Daniel Rehák

Personal information
- Full name: Daniel Rehák
- Date of birth: 2 April 1985 (age 39)
- Place of birth: Czechoslovakia
- Height: 1.86 m (6 ft 1 in)
- Position(s): Defender

Team information
- Current team: FK Slovan Duslo Šaľa
- Number: 12

Youth career
- 1993–2003: Duslo Šaľa

Senior career*
- Years: Team / Apps / (Gls)
- 2003–2006: Duslo Šaľa / 31 / (1)
- 2006–2010: Slovan Liberec / 1 / (0)
- 2007–2008: → České Budějovice (loan) / 0 / (0)
- 2010–2012: Fotbal Třinec / 47 / (1)
- 2012–: Duslo Šaľa / 0 / (0)

International career^{‡}
- Slovakia U-21

= Daniel Rehák =

Slovak footballer

Daniel Rehák (born 2 April 1985 in Slovakia) is a Slovak defender who currently plays for FK Slovan Duslo Šaľa. He is a former Slovakia U-21 international.

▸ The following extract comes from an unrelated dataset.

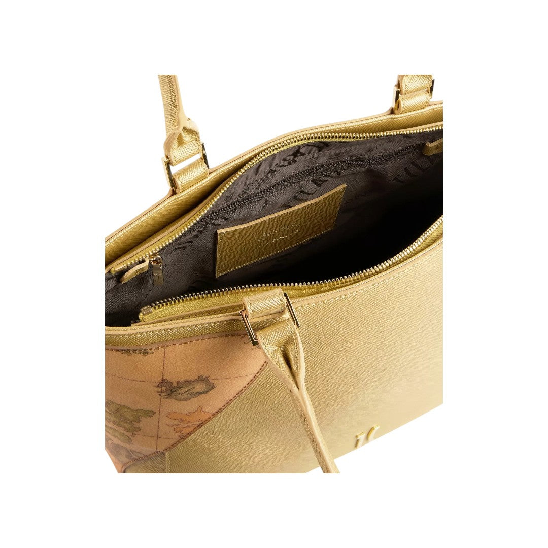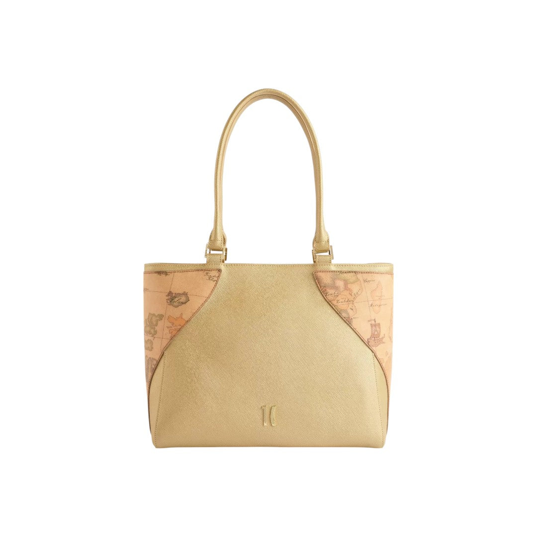 Realizzata in tessuto goffrato stampa saffiano, la borsa shopping Flying City esibisce due ampi inserti laterali in tessuto Geo Classic, rappresentazione stilizzata di figure alate. Sul fronte, l'inserto crea un gioco visivo che dà risalto al logo 1C, mentre l'effetto perlato del tessuto dà risalto alla tonalità Oro Chiaro rendendola ancora più brillante. Grazie ai volumi pratici e capienti suddivisi in più tasche è la borsa ideale da sfoggiare in città, dallo stile distintivo e minimal che si abbina perfettamente ai look invernali.

He came through the ranks of FK Slovan Duslo Šaľa of the Slovak 2nd Division and caught the eye of top Czech club Slovan Liberec with his impressive performances. They signed the 21-year-old international in 2006. After finding it hard to establish himself in the first team and making only 1 substitute appearance in the league he went on loan to České Budějovice. However, he spent his loan spell on the bench and playing for the 'B' side before returning to Liberec.
He was released by the club in 2010 and joined FK Fotbal Třinec to get first team football.